Nocne wędkowanie w Suchedniowie. Złowili wielkiego karpia

BOL
Mateusz Bolechowski
Wędkarstwo to jedno z najbardziej popularnych hobby na świecie. Również u nas nie brakuje amatorów tego sportu. Każdy znajdzie tu coś dla siebie. Lubiący współzawodnictwo biorą udział w cyklicznych zawodach, łowcy drapieżników spiningują, ryb szlachetnych - łowią na sztuczne muchy.
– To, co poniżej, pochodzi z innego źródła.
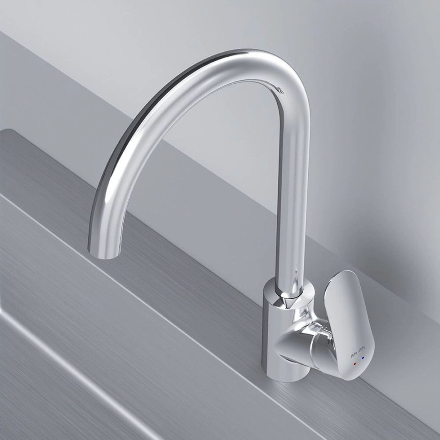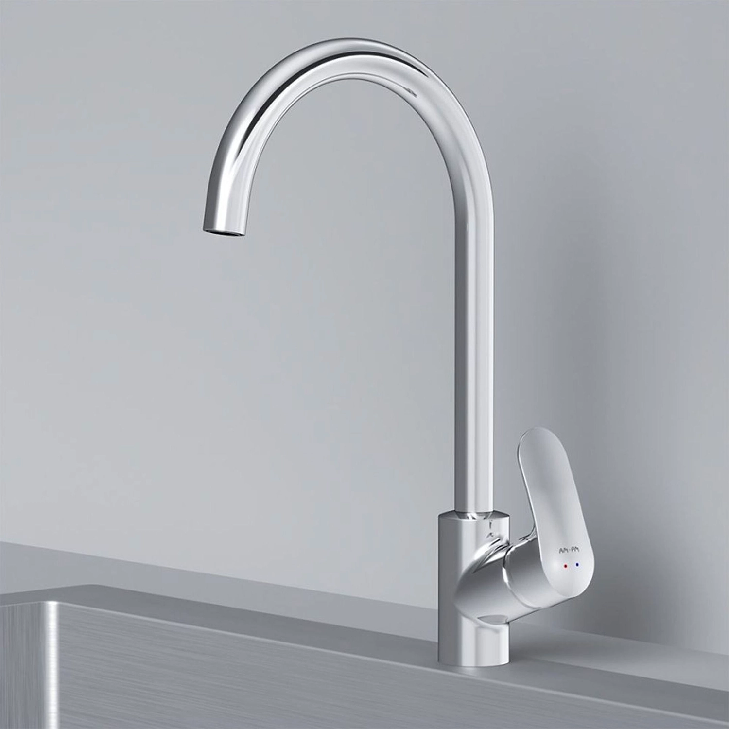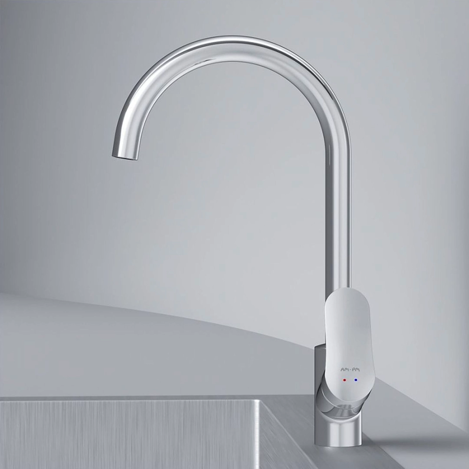 AM.PM Like F8007700 - функциональный, стильный кухонный смеситель со встроенным каналом для питьевой воды, поворотным изливом, керамическим картриджем и однорычажным механизмом управления.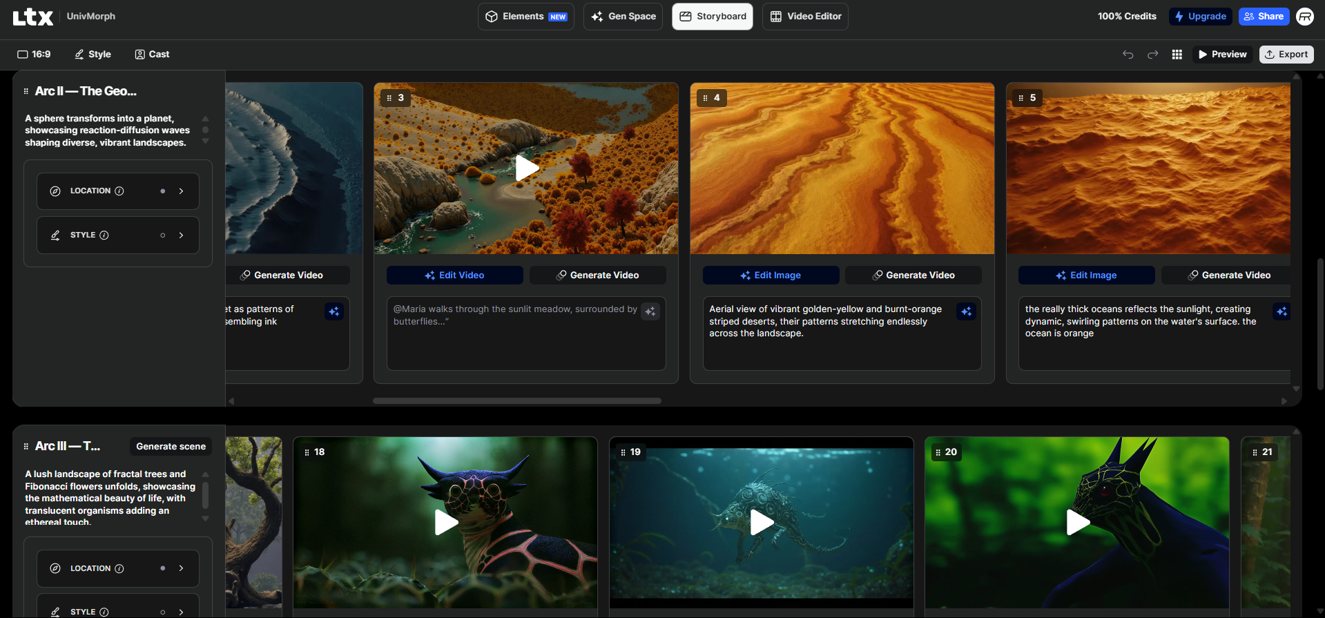 To bring this specific vision to life, I utilized the LTX Studio production pipeline. The platform’s generative tools, timeline and camera controls allowed me to translate abstract mathematical behaviors and creatures created through this, into a cohesive narrative, maintaining visual consistency across the entire ecosystem while pushing the boundaries of AI-driven world-building.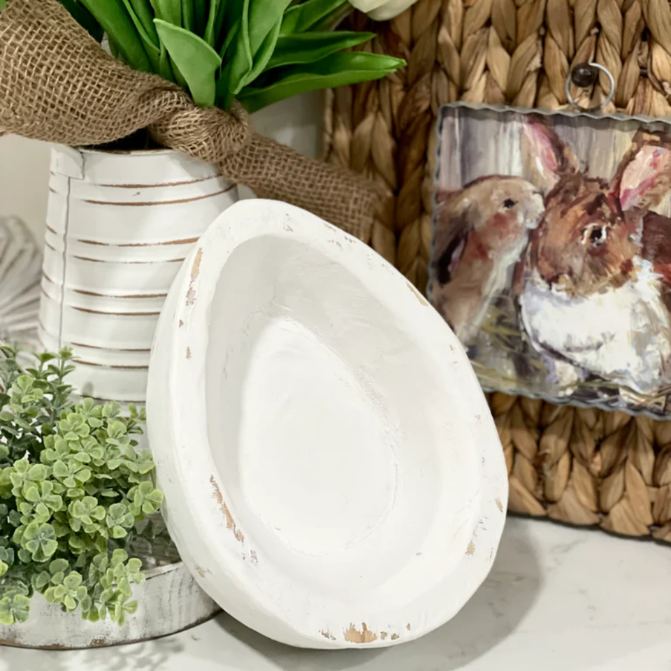 Handcrafted natural wooden Egg shaped dough bowl for candle key holder wholesale dough bowl Easter gift from Vietnam factory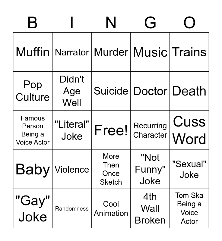 This bingo card has a free space and 24 words: Violence, Randomness, Suicide, "Gay" Joke, Trains, Muffin, Pop Culture, Narrator, Recurring Character, More Then Once Sketch, Doctor, Famous Person Being a Voice Actor, "Not Funny" Joke, "Sexual" Joke, Didn't Age Well, 4th Wall Broken, Cuss Word, Murder, Death, "Literal" Joke, Tom Ska Being a Voice Actor, Baby, Music and Cool Animation.

Jedną z ulubionych metod naszych amatorów wędkowania jest gruntowa. Zasiadki nad wodą mają swój urok, szczególnie te nocne. W dodatku są bardzo skutecznym sposobem połowu ryb, które po zapadnięciu zmroku stają się mniej ostrożne, niż w dzień. W sobotę nad zalewem w Suchedniowie odbyły się doroczne zawody nocne, zorganizowane przez miejscowe koło Polskiego Związku Wędkarskiego. Wzięło w nich udział ponad 20 osób.

Na żywej rybie
Kapitan sportowy Tadeusz Przygoda wyjaśnił zasady imprezy - wolno było łowić na dwie wędki, zawody przeprowadzono “na żywej rybie”, to znaczy, że wszystkie ryby po zważeniu miały zostać uwolnione. W sobotę wieczorem po losowaniu stanowisk ,zawodnicy zaczęli łowić. Mieli na to czas przez całą noc, do siódmej rano w niedzielę. Najwięcej osób wędkowało metodą drgającej szczytówki, na feedery. To specjalne wędki z superczułymi szczytówkami, wskazującymi każde branie. Do zanęcania płoci, karpi i leszczy służy specjalny koszyczek, który wypełnia się smakołykami. Wielu wędkarzy używało elektronicznych sygnalizatorów. Przez te urządzenia przechodzi żyłka. Każde jej poruszenie powoduje dźwiękowy alarm. Nieliczni stosowali starą, “wiślaną” metodę - ze stojącą na sztorc wędką i dołączonym na czubku dzwoneczkiem. Gdy ryba bierze i targa szczytówką, dzwonek się odzywa. Niemal wszyscy używali chemicznych świetlików, montowanych do wędek lub podwieszanych na żyłce.

Brały od początku
W ostatni weekend ryby brały dobrze. Jeszcze zanim zapadł zmrok, w siatkach lądowały pierwsze, dorodne płocie, niewielkie leszcze. Gdy zrobiło się ciemno, na żer wyruszyły drapieżniki - na rosówki brały niewielkie sumy i węgorze. W międzyczasie organizatorzy częstowali uczestników pieczonymi kiełbaskami. W zawodach brało udział kilkoro dzieci pod opieką rodziców czy dziadków. Klasę pokazał 13 - letni Paweł Kutwin, który wygrałby w cuglach ogólną klasyfikację. Szczęście dopisało jednak Jackowi Działakowi, który złowił prawdziwy okaz - medalowego karpia ważącego 10,9 kilograma! Piękny lustrzeń skapitulował po emocjonującej walce. Oto wyniki najlepszych zawodników (każdy punkt odpowiada gramowi złowionych ryb): 1.Jacek Działak - 13013 pkt., 2. Paweł Kutwin - 8976 pkt., 3. Rafał Kutwin - 2357 pkt., 4. Janusz Andre - 2111 pkt., 5. Paweł Kowalik - 1693 pkt., 6. Rafał Kowalik - 1003 pkt., 7. Radosław Rębak - 401 pkt. Zwycięzcy otrzymali nagrody i dyplomy, ryby bezpiecznie wróciły do suchedniowskiego zalewu.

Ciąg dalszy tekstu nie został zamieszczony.